#### PROVIDED ENTRIES ####

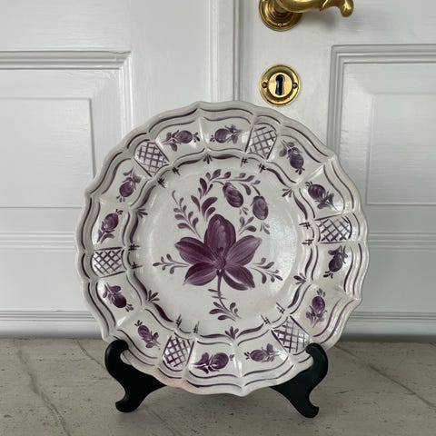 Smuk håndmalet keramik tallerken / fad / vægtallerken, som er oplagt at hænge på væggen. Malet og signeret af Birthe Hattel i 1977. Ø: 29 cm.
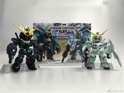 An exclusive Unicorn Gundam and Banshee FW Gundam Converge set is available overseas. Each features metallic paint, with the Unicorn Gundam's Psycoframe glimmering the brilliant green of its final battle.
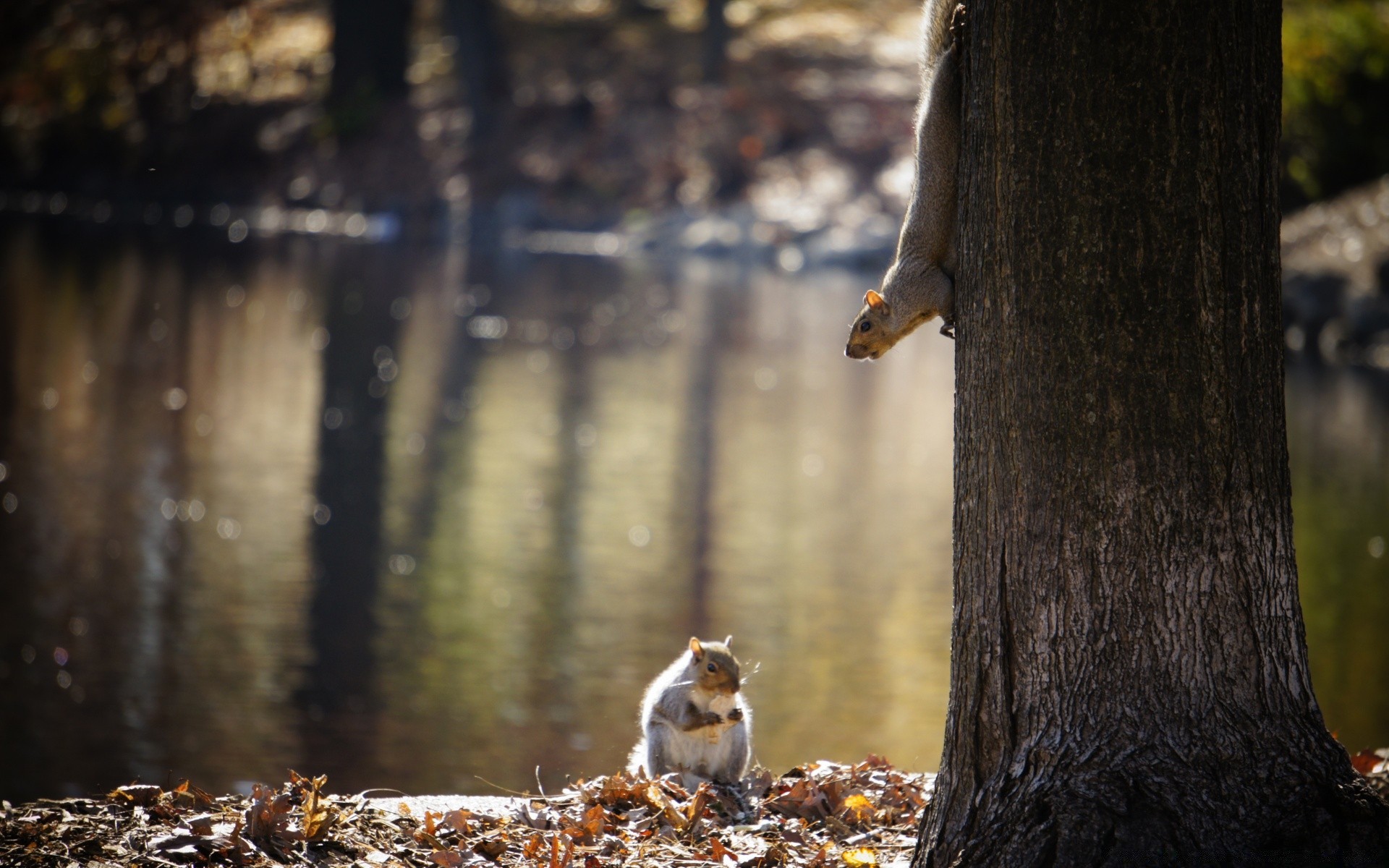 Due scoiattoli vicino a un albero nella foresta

####
#### PROVIDED ENTRIES ####

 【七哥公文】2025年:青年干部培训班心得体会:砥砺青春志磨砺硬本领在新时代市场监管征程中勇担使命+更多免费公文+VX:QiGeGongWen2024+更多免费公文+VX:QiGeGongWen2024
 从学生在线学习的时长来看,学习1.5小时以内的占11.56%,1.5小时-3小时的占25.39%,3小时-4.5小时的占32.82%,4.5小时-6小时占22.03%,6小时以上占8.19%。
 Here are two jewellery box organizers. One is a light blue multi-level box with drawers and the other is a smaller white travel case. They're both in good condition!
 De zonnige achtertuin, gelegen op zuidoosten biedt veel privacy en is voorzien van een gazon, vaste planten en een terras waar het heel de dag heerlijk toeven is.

####
#### PROVIDED ENTRIES ####

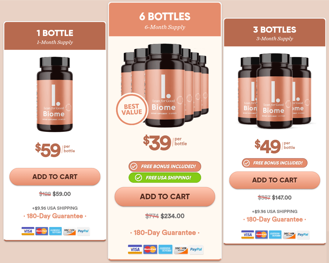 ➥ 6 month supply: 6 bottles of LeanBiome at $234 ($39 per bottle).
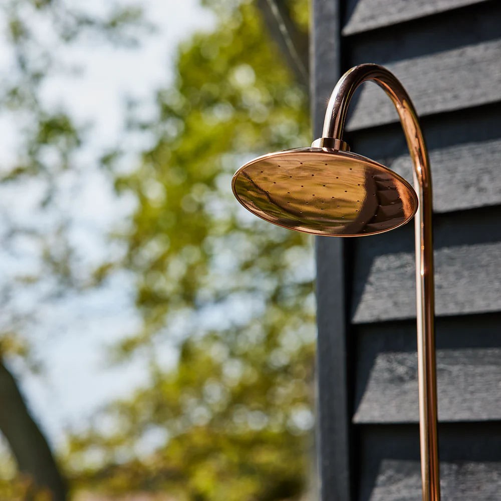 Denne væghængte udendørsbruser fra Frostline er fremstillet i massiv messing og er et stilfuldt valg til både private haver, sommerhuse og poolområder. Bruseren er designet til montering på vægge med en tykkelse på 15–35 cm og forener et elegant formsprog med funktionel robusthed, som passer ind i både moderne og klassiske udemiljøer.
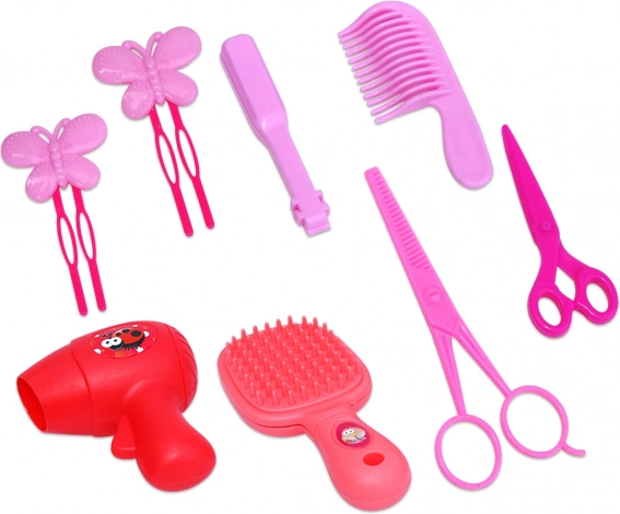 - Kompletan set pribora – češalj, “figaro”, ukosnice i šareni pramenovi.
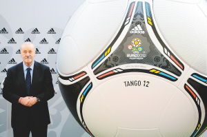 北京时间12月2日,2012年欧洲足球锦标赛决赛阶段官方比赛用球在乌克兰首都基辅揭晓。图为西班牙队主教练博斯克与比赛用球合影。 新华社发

####

EXERCISE GOAL> In the entries above, find the line with "- Kompletan set" and the line with "北京时间12月2日,2012". Return exactly those lines and all the ones between them, pictures excluded.

REPLY>
 - Kompletan set pribora – češalj, “figaro”, ukosnice i šareni pramenovi.
 北京时间12月2日,2012年欧洲足球锦标赛决赛阶段官方比赛用球在乌克兰首都基辅揭晓。图为西班牙队主教练博斯克与比赛用球合影。 新华社发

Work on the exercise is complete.